Bush tries to change the rules on his way out


"Within the next 50 years or so that population of polar bears could decline by approximately two-thirds," Amstrup told the committee.

The chair of the House committee that heard the testimony said the new drilling would further threaten the polar bears.

But under changes proposed by the Bush administration, testimony like Amstrup's would be irrelevant.

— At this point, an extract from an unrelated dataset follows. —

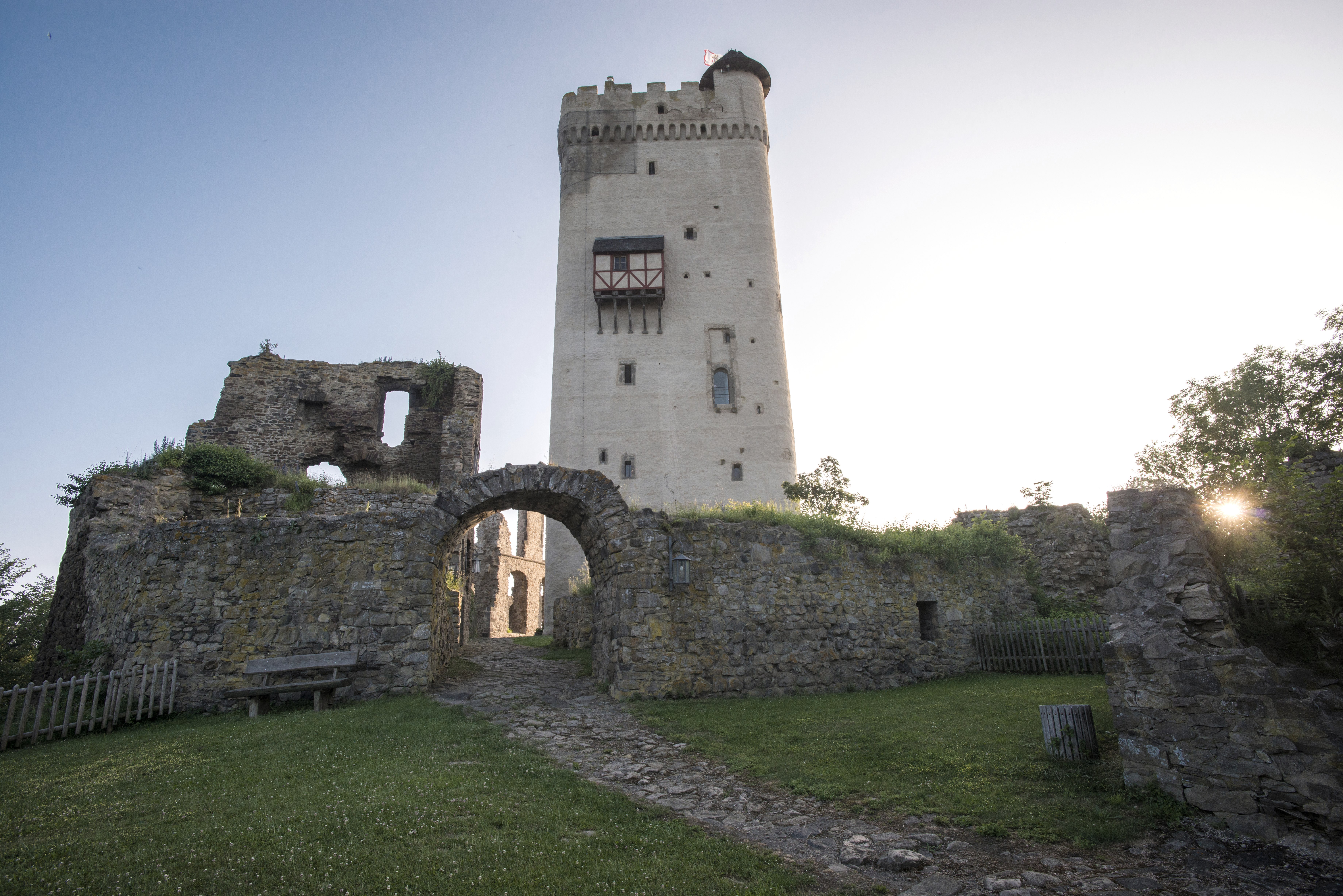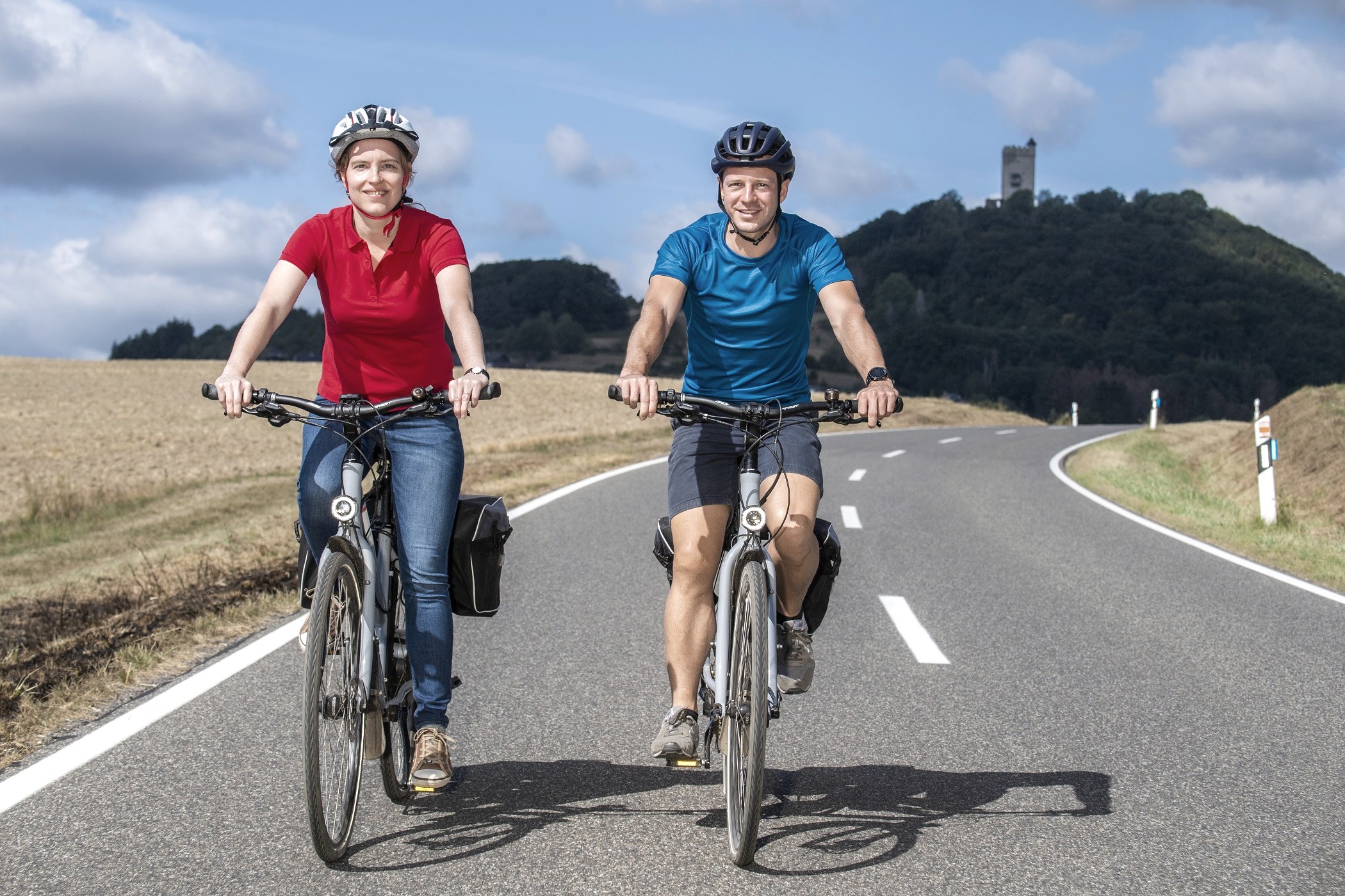 Bell. Dabei wird die A61 unterquert. In Bell fahren wir rechts hoch über den Teerweg zum Gänsehals (Steigung bis zu 16% ). An dieser Stelle sollten E-Bikes noch mindestens 30 % ihrer Akku-Ladung zur Verfügung haben. Nicht ganz bis oben hin (es sei denn, man will den Turm bis zur Aussichtsplattform besteigen – lohnt sich !). Vor dem finalen Anstieg geht es links ab von der Teerstraße in einen Feldweg (vielleicht wird der in der nächsten Zeit etwas besser befestigt). Abfahrt in Richtung Rieden – zunächst Feld- und Waldweg, dann geteerter Wirtschaftsweg. Bis zur Kreisstraße. Diese wird überquert um dem geteerten Wirtschaftsweg bis zum Windpark Rieden / Weibern zu folgen. Oben angekommen biegen wir links, späterrechts ab und nehmen die geteerte Abfahrt um in der Kirchstraße in Weibern anzukommen. Durch die Ortsstraßen fahren wir zum Ausgangspunkt zurück. Nach Abschluss der Tour bieten sich das örtl. Museum (Steinmetzbahnhof) sowie die kath.Pfarrkirche zur Besichtigung an. Ebenso lädt die örtl. Gastronomie zu Rast und Einkehr ein.

Plans for any project on public lands could be approved without considering the impact on endangered wildlife.

"It's basically saying 'we aren't going to consider science, it's all going to be driven by politics,'" Deputy Executive Director of the Sierra Club Bruce Hamilton said. "To come in at the 11th hour and say, 'oh, we forgot to screw the Endangered Species Act before we leave office, let's make sure we do that...'"

Hamilton calls it a disservice to the American public.

Supporters call it sensible because it is scientifically impossible to precisely link any particular source of greenhouse gasses to overall global warming.

"And that precise effect is what the endangered species act requires before a federal project can be stopped under the law," Damien Schiff said. Schiff is an attorney for the Sacramento-based Pacific Legal Foundation, which advocates for private property rights.

Schiff knows that Congress and the incoming administration are lined up against the proposed change. Speaker of the House Nancy Pelosi is already working on a congressional override, which Schiff considers an overreaction.

"I wouldn't doubt Congress would then consider these regulations are actually not nearly as bad as they've been painted to be and therefore are unlikely to be overridden," Schiff said.